Bajazeto I, imperador dos Turcos, era coxo; Tamerlão, imperador dos Mongóis, era cego de um olho. Tendo o primeiro sido vencido pelo segundo, na famosa Batalha de Ancara, foi conduzido a presença do seu vencedor; e Tamerlão, ao ver coxear o prisioneiro, desatou a rir. Bajazeto, achando que o Tártaro zombava dele, gritou: Por que está rindo assim, Tamerlão? Não sabes que a fortuna, que hoje te sorri, pode amanhã mostrar-se bem triste? Longe de mim rir de seu infortúnio, responde o Tártaro; mas, ao ver tua enfermidade e a minha, não posso deixar de dizer a mim mesmo: É necessário que os impérios e as riquezas sejam de muito pouco valor aos olhos d'Aquele que está no Alto para que as prodigalise a homens tão mal formados como nós!


O apetite desregrado da glória expõe o homem ao opróbrio, sugerindo-lhe passos aviltantes. Há eminências onde se não chega senão caminhando de rastos, honra que se não compram senão por genuflexões.


É este apetite imoderado das honras que faz a fortuna de todos o passamaneiros e de todos os governos que se levantam.


É ele que faz do povo mais generoso, mais bravo e mais amável da terra, o povo menos governável e o mais governado! São as pretensões sem motivo que impedem a nossa pátria de assentar a sua paz; e as revoluções que a comovem e agitam, não são, o mais das vezes, senão a explosão estéril da cólera das vaidades descontentes contra as vaidades satisfeitas.
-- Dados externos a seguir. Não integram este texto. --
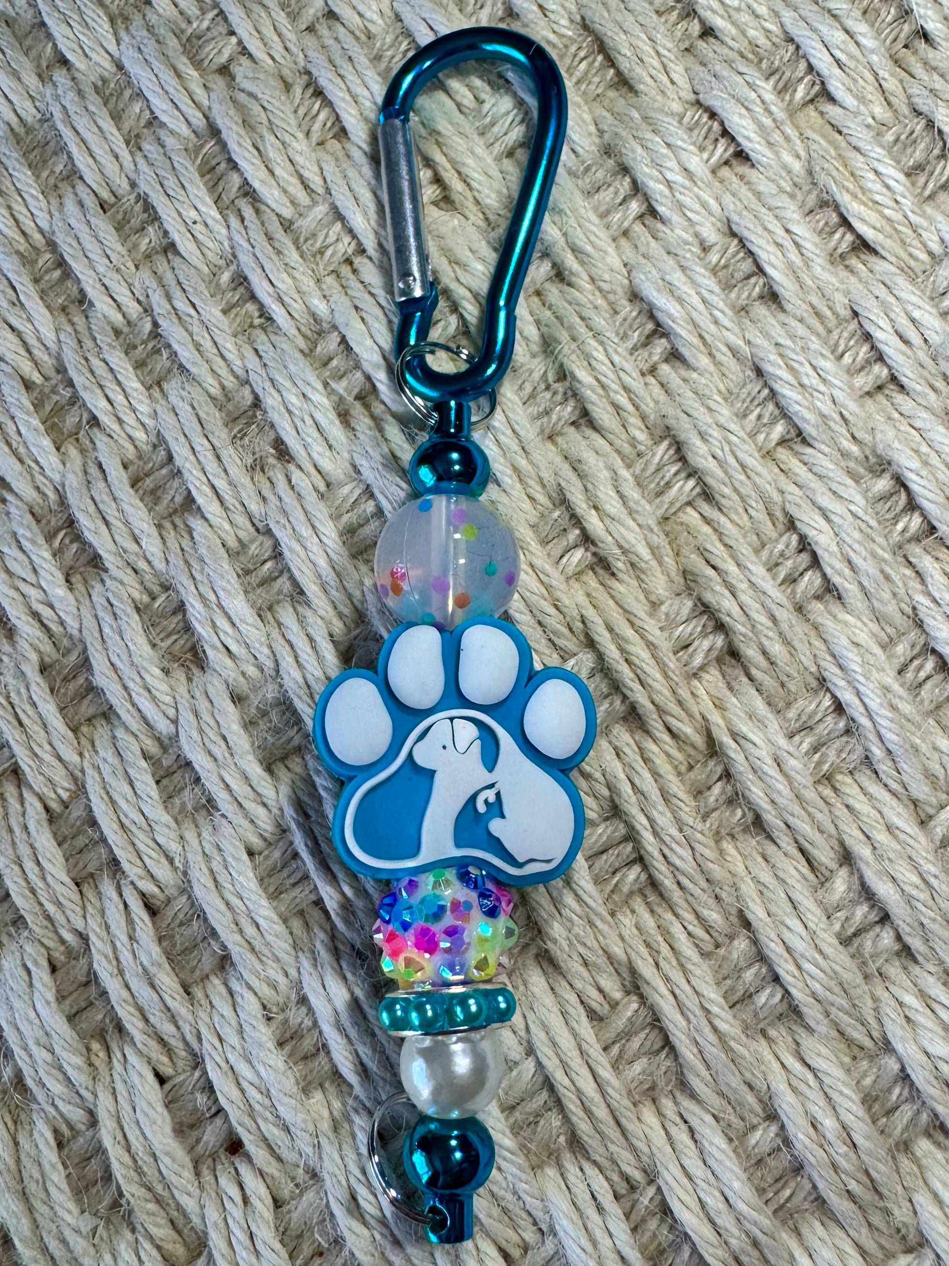 Each colored carabiner comes with a matching pet parent bead and cute little accents. So perfect for your purse or keys!
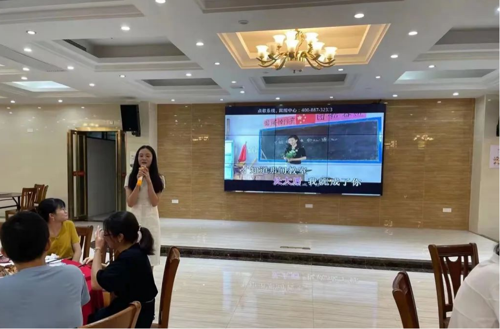 以此同时,何榆桦老师也带来了文艺演出。她为各位老师倾情演唱了《长大后我就成为了你》,何老师的演唱打动了大家,顺利将活动氛围推向高潮,使本次教师节聚餐活动气氛热烈。
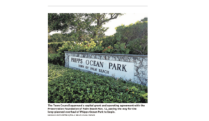 Jodie Wagner, Palm Beach Daily News The Palm Beach Town Council approved a capital grant and operating agreement with the Preservation Foundation of Palm Beach on Nov. 12, paving the way for the long-planned overhaul of Phipps Ocean Park to move forward. Council members unanimously approved the agreement, which will govern improvements to the park […]
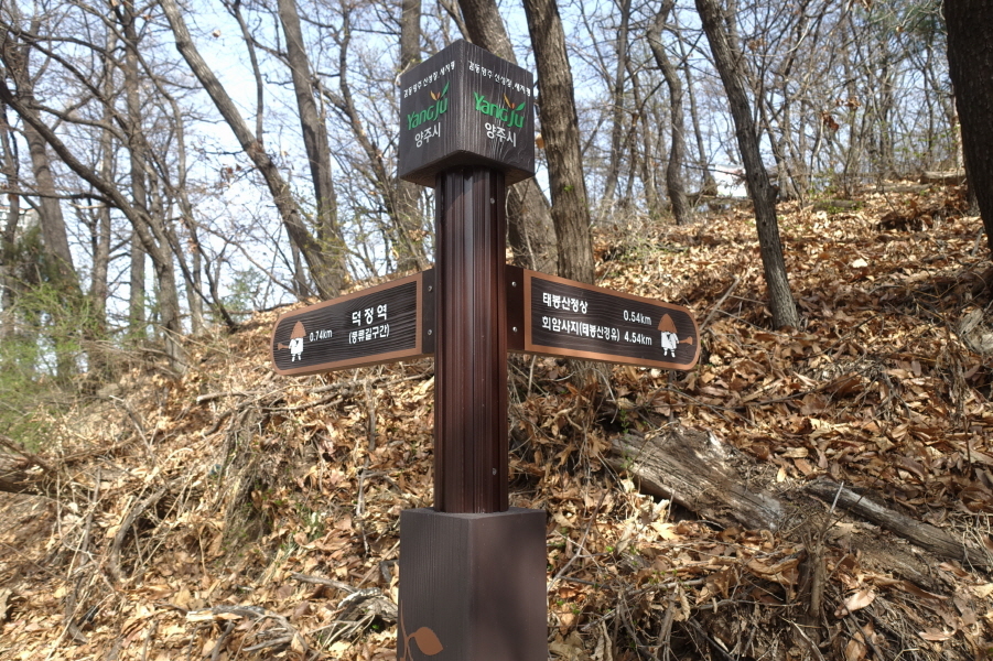 (10;25)이정표(덕정역0.7km/회암사지.태봉산경유4.54km/태봉산정상0.54km)입니다. 덕정역에서 이곳으로 와서 태봉산 먼저하고 수정산거쳐 덕정4거리 국유림 양주분소에서 제새봉.까치봉.도락산이 좋을 듯싶습니다.
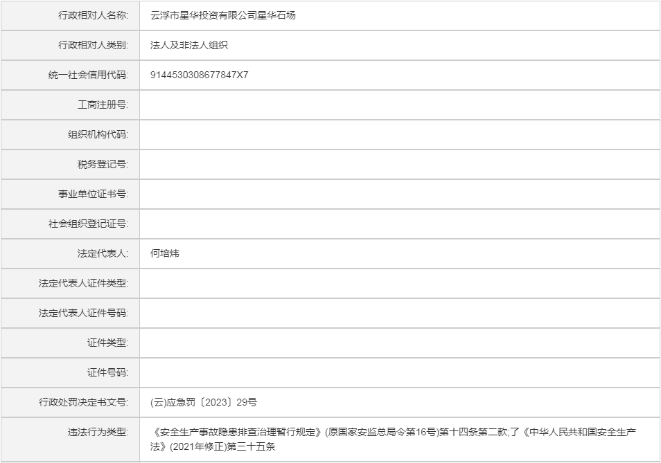 (云)应急罚〔2023〕29号云浮市星华投资有限公司星华石场行政处罚案
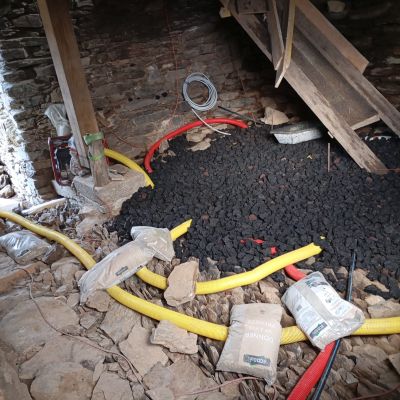 1/ Une grosse auto-rénovation de bâtiments en pierres sèches datant de la fin du XIXᵉ avec des enduits terre/paille et/ou chaux/chanvre, des dalles de chaux pouzzolanique sur hérisson ventilé, des isolations ecolo, et le moins possible de ciment (ne jamais dire jamais... mais bon si on pouvait...).
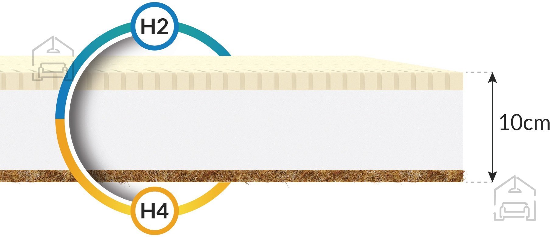 • Bestandteile: Kokosfasern, perforierter Latex, Klimafasern, Polyurethanschaum T25
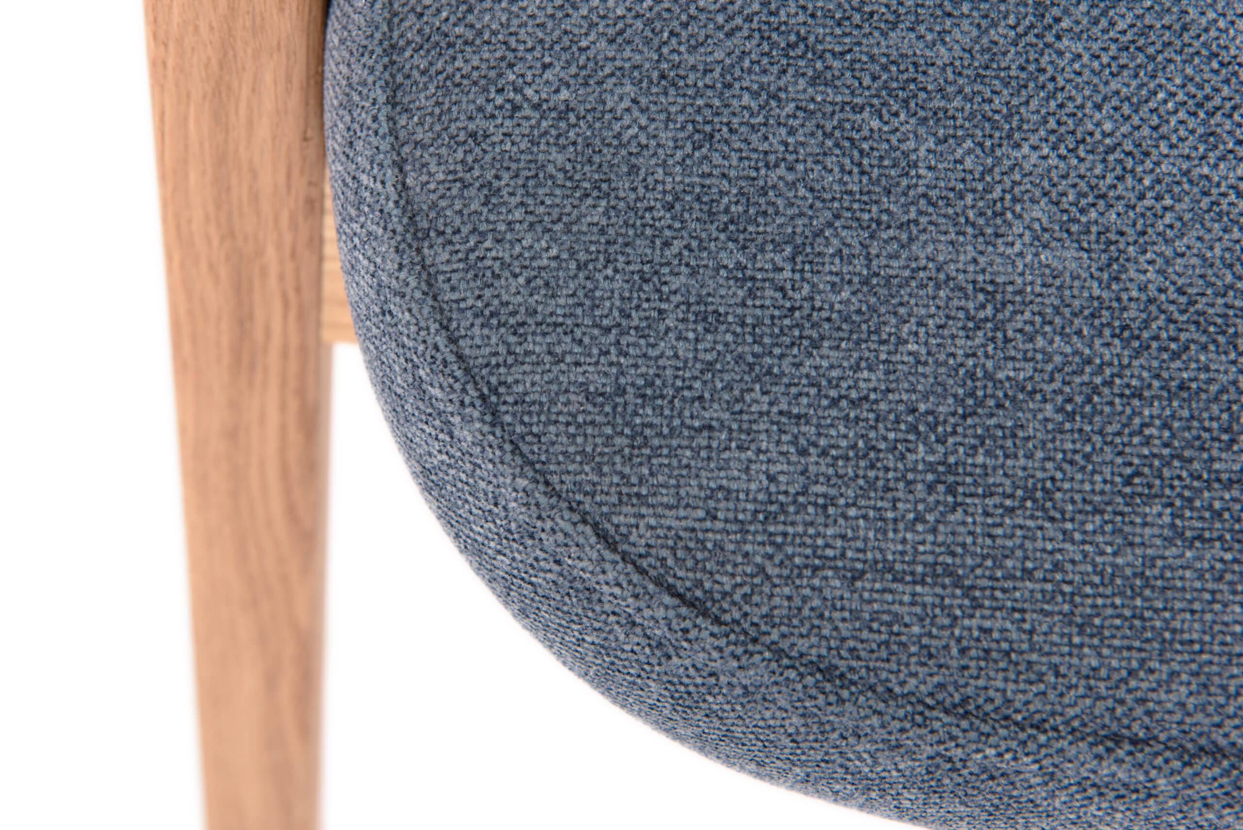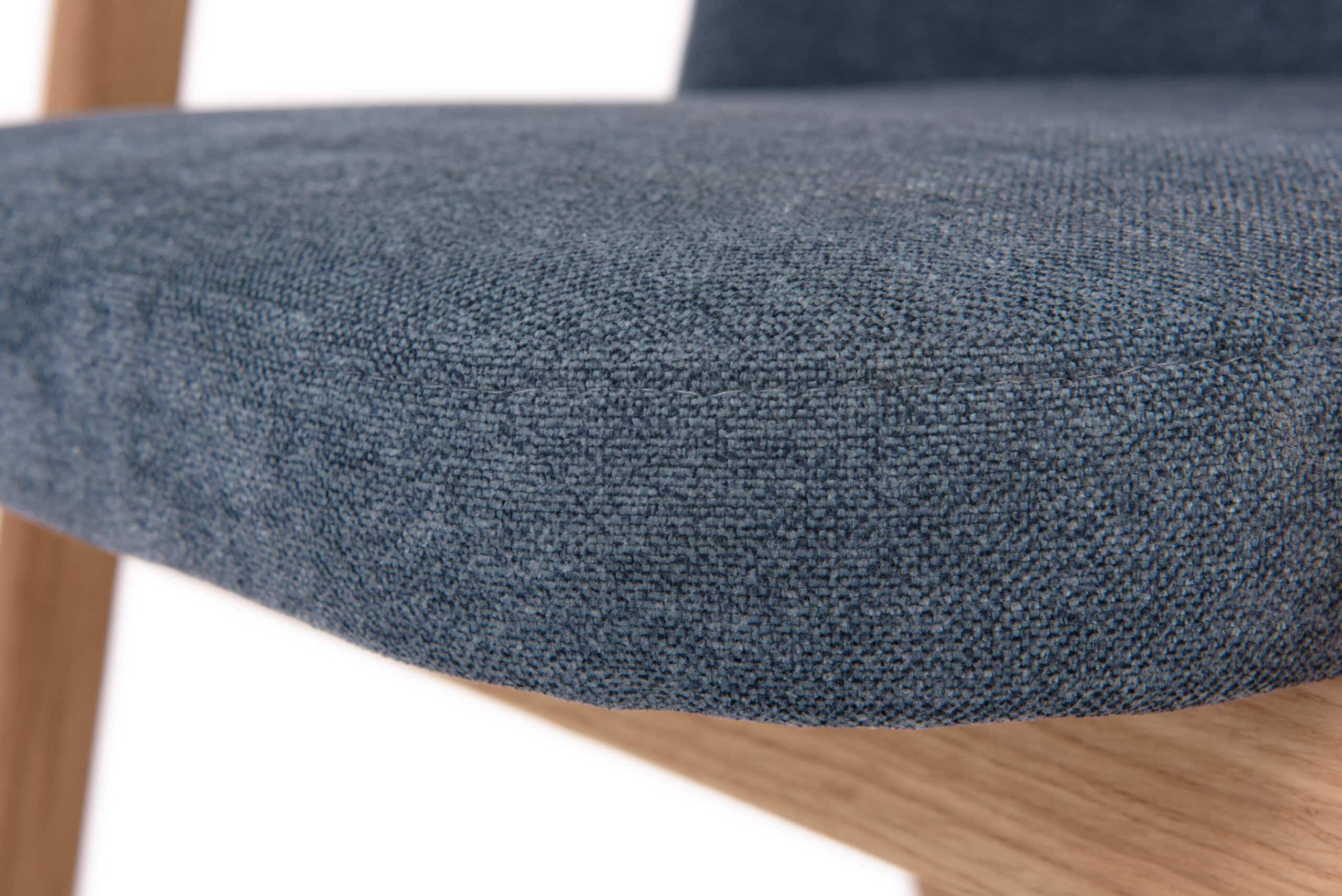 Výrazným prvkem je modré polstrování, které židli dodává svěží a elegantní vzhled. Příjemná potahová látka je měkká na dotek, odolná při každodenním používání a vytváří útulný dojem. Tlumený modrý odstín se snadno kombinuje s přírodními materiály i moderním vybavením domácnosti.
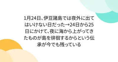 1月24日、伊豆諸島では夜外に出てはいけない日だった→24日から25日にかけて、夜に海から上がってきたものが島を徘徊するからという伝承が今でも残っている
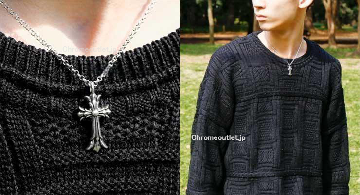 小さなクロムハーツのCHクロスが2つ重なったクロスに、細身のロールチェーンを通したセットアイテム。
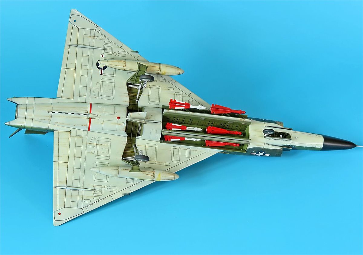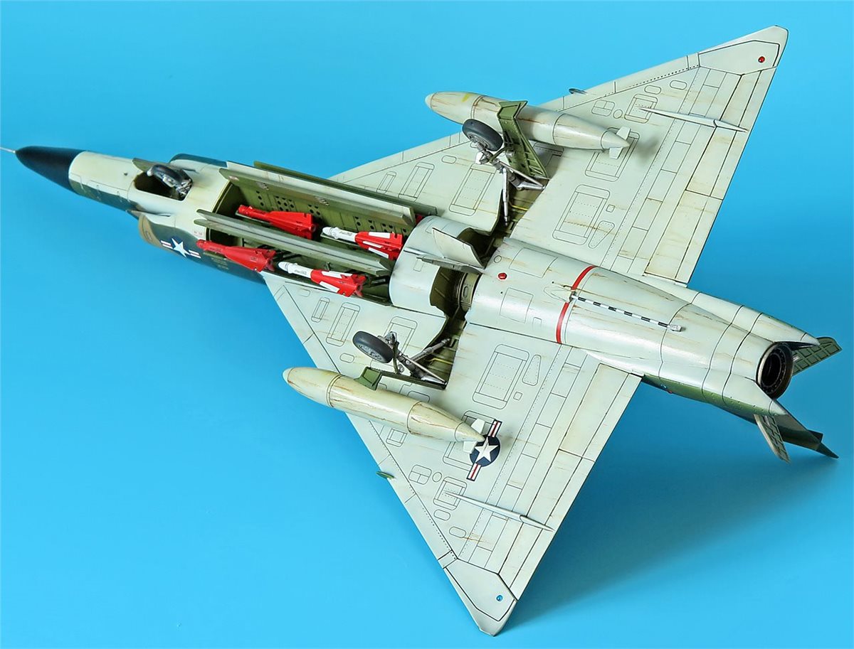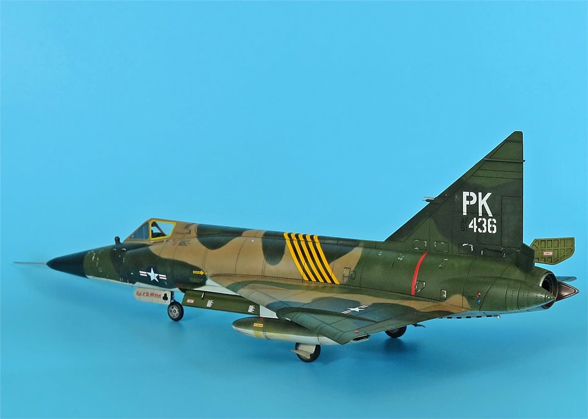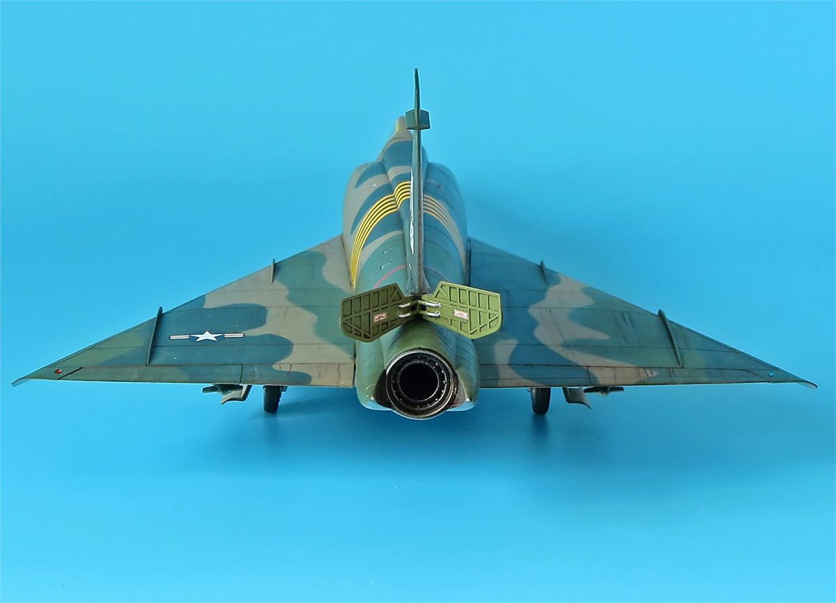 Дельта Даггер от фирмы Meng. Не скажу, что являюсь большим фанатом "сотой серии", но отдаю должное, что самолеты были очень интересные! В очередной раз перебирия свои запасы и рассматривая литники выбрал эту модель. Как мне показалось она будет не слишком сложной в сборке (в общем-то оно так и оказалось). Далее надо было выбрать прототип, решил остановиться на камуфляжном варианте, более редким для этого типа самолетов. Поэтому прототипом послужил самолет из состава 509 эскадрильи перехватчиков, база Udorn, Таиланд 1969 год. Сборка действительно не доставила особых проблем, отсек вооружения решил делать открытым, т.к. на мой взгляд это важная отличительная черта этого самолета. Кое-что по мелочи доработал, но это скорей косметика. Когда была собрана "тушка" был поражен размером, особенно с учетом того, что самолет однодвигательный!

É a essa sede de subir que todas as cortes deveram e devem ainda essa elegante ignomínia que se chama um cortezão. Vede esse homem que abafa seus sentimentos, dissimula suas opiniões, faz calar a consciência, atraiçoa os amigos, espia um sopro para soprar, um sinal para falar; é um cortezão. Sempre disposto a vender seu Deus e sua alma, por um favor, está curvado pelo hábito da reverência, arrugado pelo falso sorriso, emagrecido pela inveja. Empalidecido pelo anojo, bem como pelas freimas, só conhece um deus, a sua ambição; uma audácia, a da calúnia: um receio, o de desagradar, dizendo a verdade; um fim, subir para se vingar do suplício que lhe inflige o sentimento íntimo da sua própria abjeção. É um verme luzente, isto é, um animal que rasteja e brilha.


-- Retirado do livro "O homem como deveria sê-lo", de V. Marchal.